Information shown:
┄┄┄┄┄┄
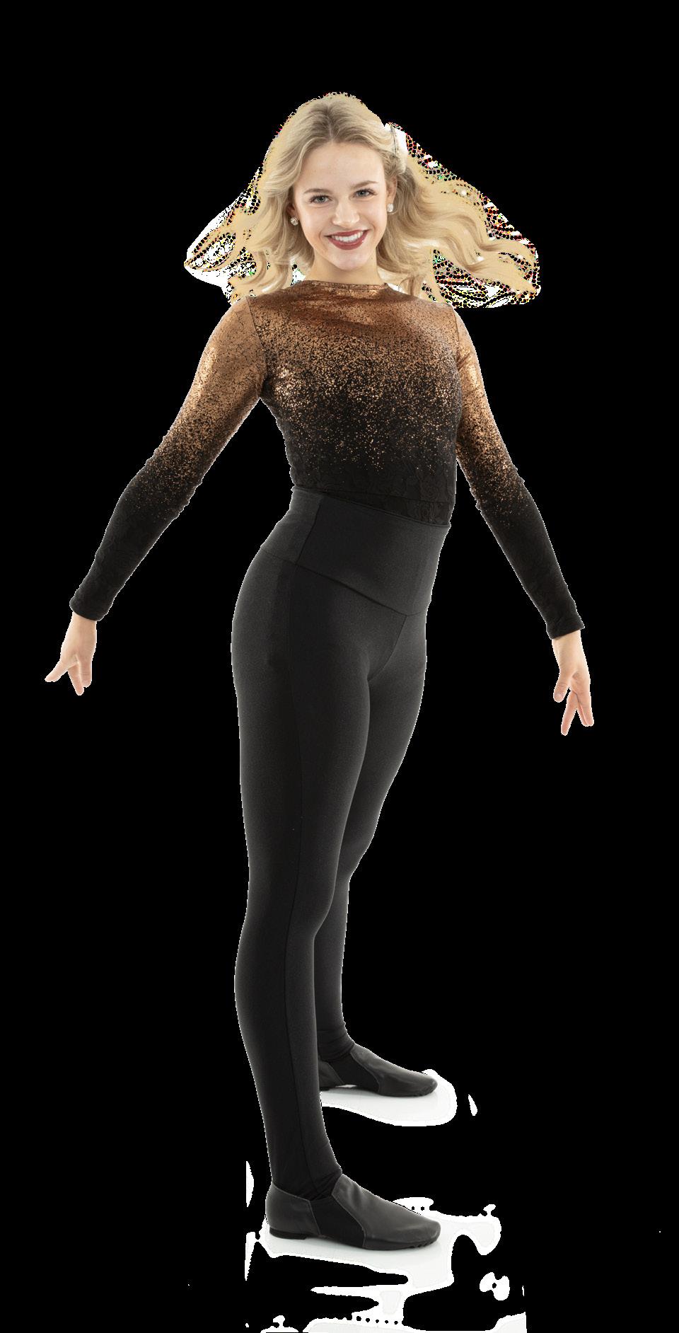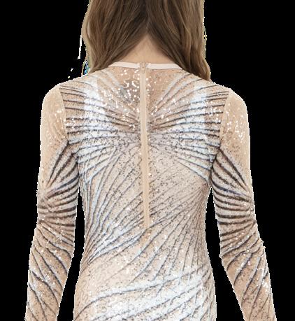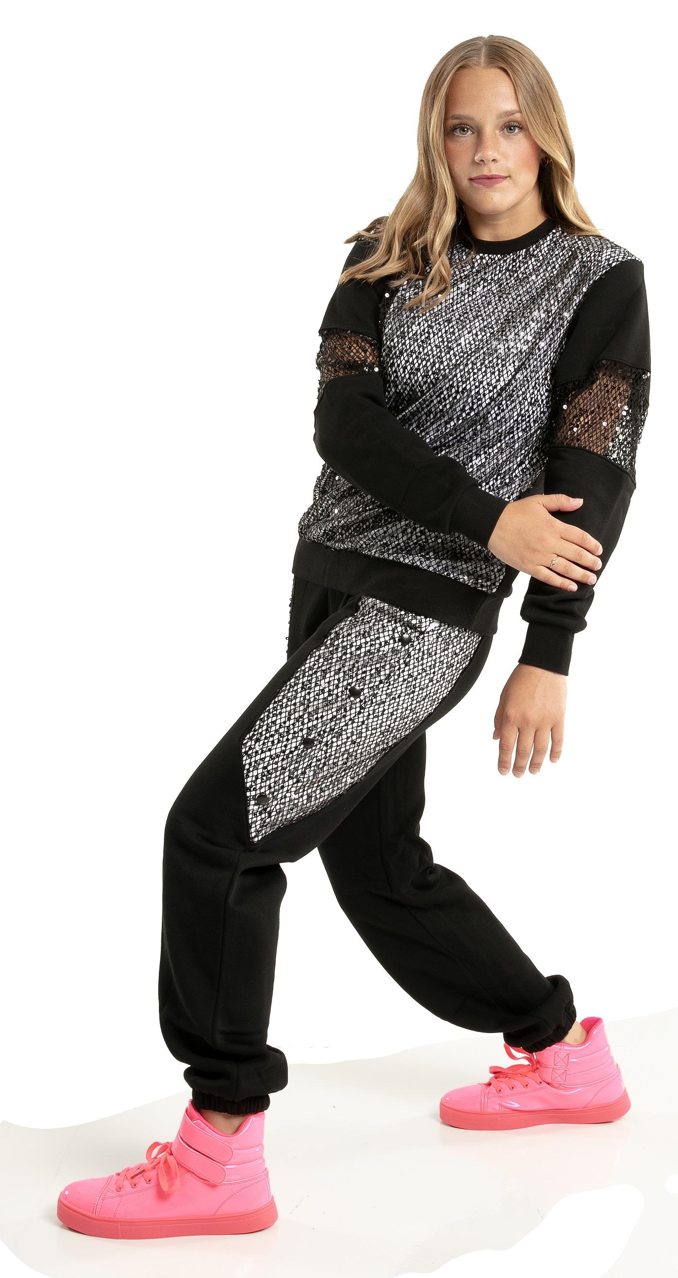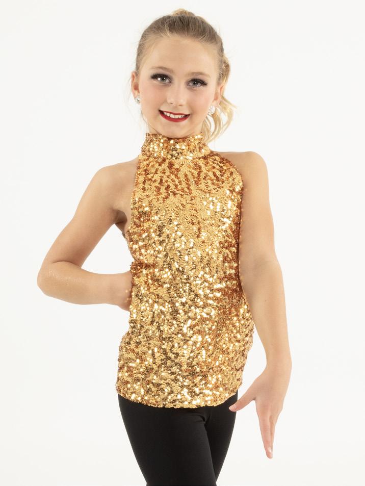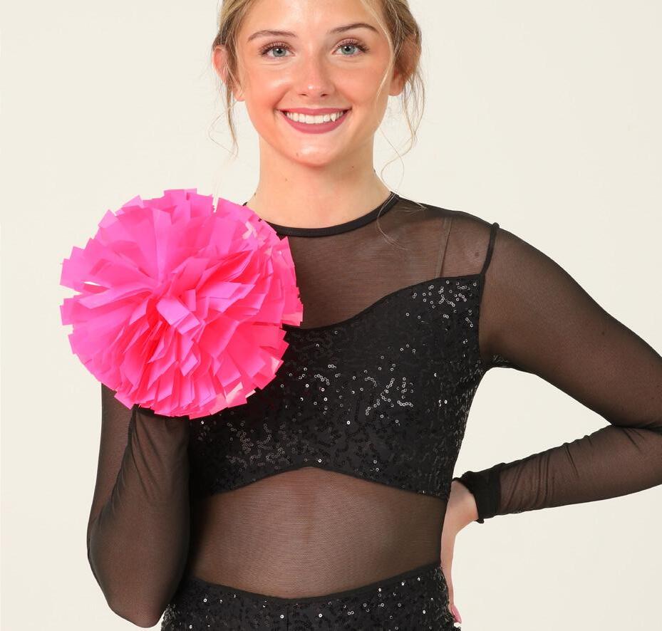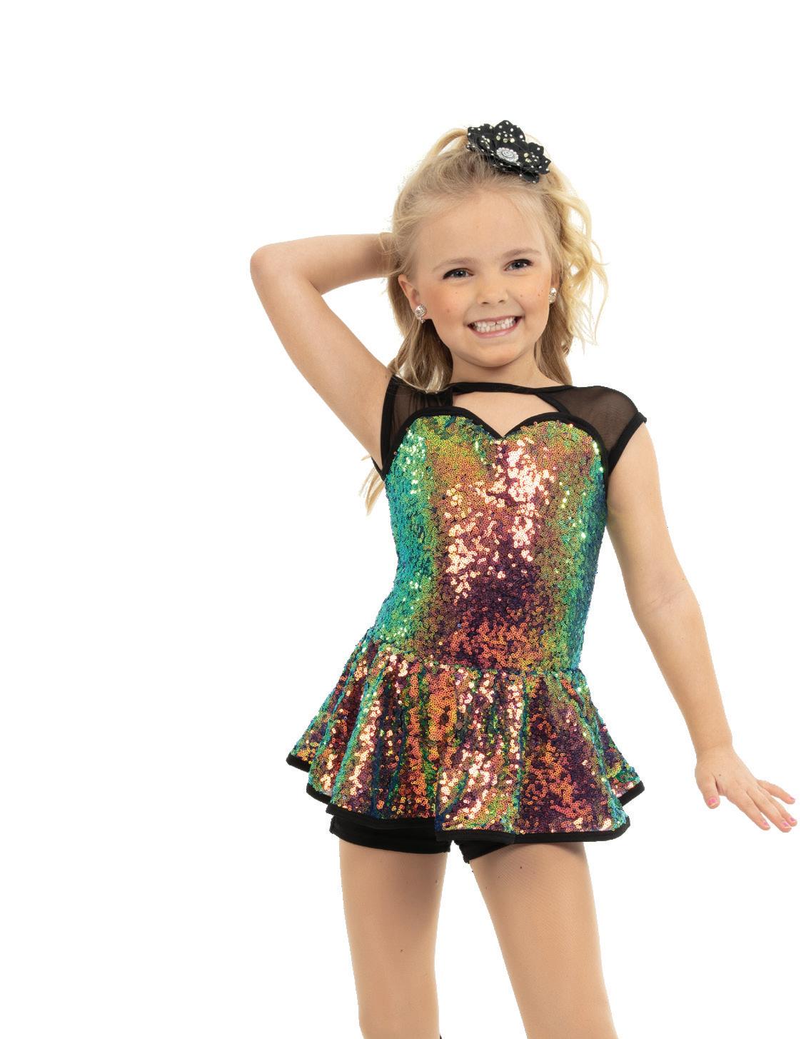 • Long sleeve sequin tunic with a black tricot back, black power mesh sleeves, with sequin cuffs.
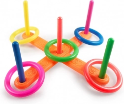 A sima élű, tartós műanyag biztonságos játékot és hosszú élettartamot garantál. A stabil pálcákkal ellátott kereszttalp és a könnyű karikák könnyen összeállíthatók és elpakolhatók. Az élénk színek segítik a színek megismerését, az egyszerű pontozás pedig további próbálkozásokra ösztönöz.
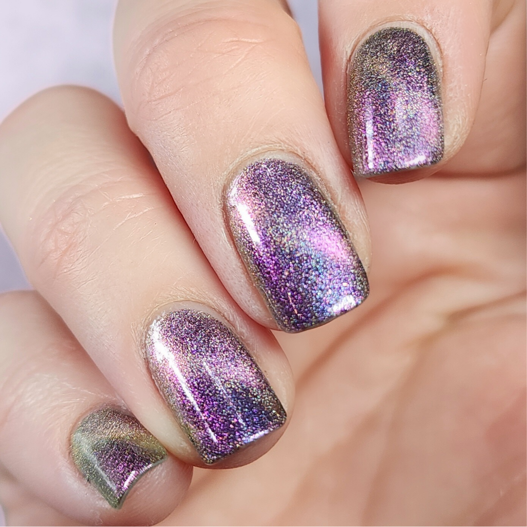 A light pink holographic magnetic polish with a blurple multichrome shimmer and pops of pink aurora.
┄┄┄┄┄┄
What the task asks: Return the listing above in full and unaltered. Keep the pictures out.

Result of the exercise:
 • Long sleeve sequin tunic with a black tricot back, black power mesh sleeves, with sequin cuffs.
 A sima élű, tartós műanyag biztonságos játékot és hosszú élettartamot garantál. A stabil pálcákkal ellátott kereszttalp és a könnyű karikák könnyen összeállíthatók és elpakolhatók. Az élénk színek segítik a színek megismerését, az egyszerű pontozás pedig további próbálkozásokra ösztönöz.
 A light pink holographic magnetic polish with a blurple multichrome shimmer and pops of pink aurora.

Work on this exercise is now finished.